Er stammt aus Donezk, der im Frühjahr 2014 von Russen besetzten Stadt in der Ost-Ukraine. In diesem Gebiet finden trotz des Minsker Waffenstillstandsabkommens von 2015 täglich bis zu tausend Kampfhandlungen statt. Menschenrechtsorganisationen wie Amnesty International weisen darauf hin, dass auch die von der Ukraine kontrollierten Gebiete keineswegs sicher sind. Das Auswärtige Amt warnt seit langem vor Reisen in die Region. „Genau dorthin soll ich nach dem Willen des staatlichen Migrationsdienstes der Ukraine zurückkehren“, berichtet Shyryayev.

Hier habe ich meine Frau geheiratet, hier wurde vor anderthalb Jahren unser Sohn Nikolai geboren.
Oleksandr Shyryayev

Er zeigt den Brief, in dem ihm dies vom Generalkonsulat mitgeteilt wird. Darin heißt es, „dass Antragsteller, deren Wohnsitz sich gegenwärtig in dem Gebiet der Anti-Terror-Operation befindet, sich an einer neuen Adresse in dem Teil des Gebietes Donezk anzumelden haben, der von der Anti-Terror-Operation nicht betroffen ist“. Das bedeutet: Der Tänzer müsste in das gefährdete, verkehrstechnisch nicht einfach zu erreichende Gebiet reisen, sich dort pro forma einen Wohnsitz suchen, dann abmelden und seinen Pass abgeben. Und dies in Zeiten des Corona-Virus, das auch die Ukraine vor erhebliche Probleme stellt.

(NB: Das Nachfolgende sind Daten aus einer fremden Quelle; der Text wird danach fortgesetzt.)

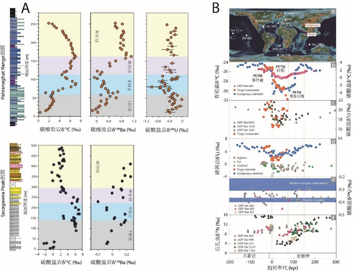 图 (A)晚古生代石炭纪早期海相碳酸盐碳、钡和铀同位素组成;(B)古新世-始新世极热事件前后海相碳酸盐和碎屑岩碳、锂、铀同位素及有孔虫氮同位素组成

Der Künstler, der in Sergei Vanaevs Compagnie den Prinzen Siegfried in „Schwanensee“, den Mercutio in „Romeo und Julia“, den Wolf in den „drei kleinen Schweinchen“ und viele andere Rollen getanzt hat, ist längst in Deutschland heimisch. „Seit acht Jahren zahle ich hier meine Steuern und Sozialabgaben“, bemerkt er. „Hier habe ich meine Frau geheiratet, hier wurde vor anderthalb Jahren unser Sohn Nikolai geboren.“ Mit seiner Frau Jessica De Fanti Teoli, die wie er viele Jahre am Stadttheater getanzt hat, war Shyryayev bis zum Beginn der Pandemie als Tanzlehrer tätig, derzeit arbeitet er für einen Sicherheitsdienst.

Ein Verfahren, das „aufwändig“ aber „zumutbar“ ist?

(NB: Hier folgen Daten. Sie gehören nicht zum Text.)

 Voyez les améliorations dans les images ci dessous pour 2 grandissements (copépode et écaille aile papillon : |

„Seit 2014 war ich nicht mehr in meiner Geburtsstadt“, erzählt Shyryayev. Mit seiner kranken Mutter, seiner Oma und seinen Brüdern halte er per Internet Kontakt: „Sie alle raten mir dringend ab, zu ihnen zu reisen. Auch weil in der Region rechtsradikale Banden die Bevölkerung terrorisieren.“ Um so mehr wundert es ihn, dass die Staatsangehörigkeitsbehörde des Bürger- und Ordnungsamt Bremerhaven ihm beschied: „Ein entsprechendes Verfahren ist aufwändig, aber grundsätzlich zumutbar.“ Die Behörde behauptet sogar, es habe „in vergleichbaren Fällen zum Erfolg geführt“.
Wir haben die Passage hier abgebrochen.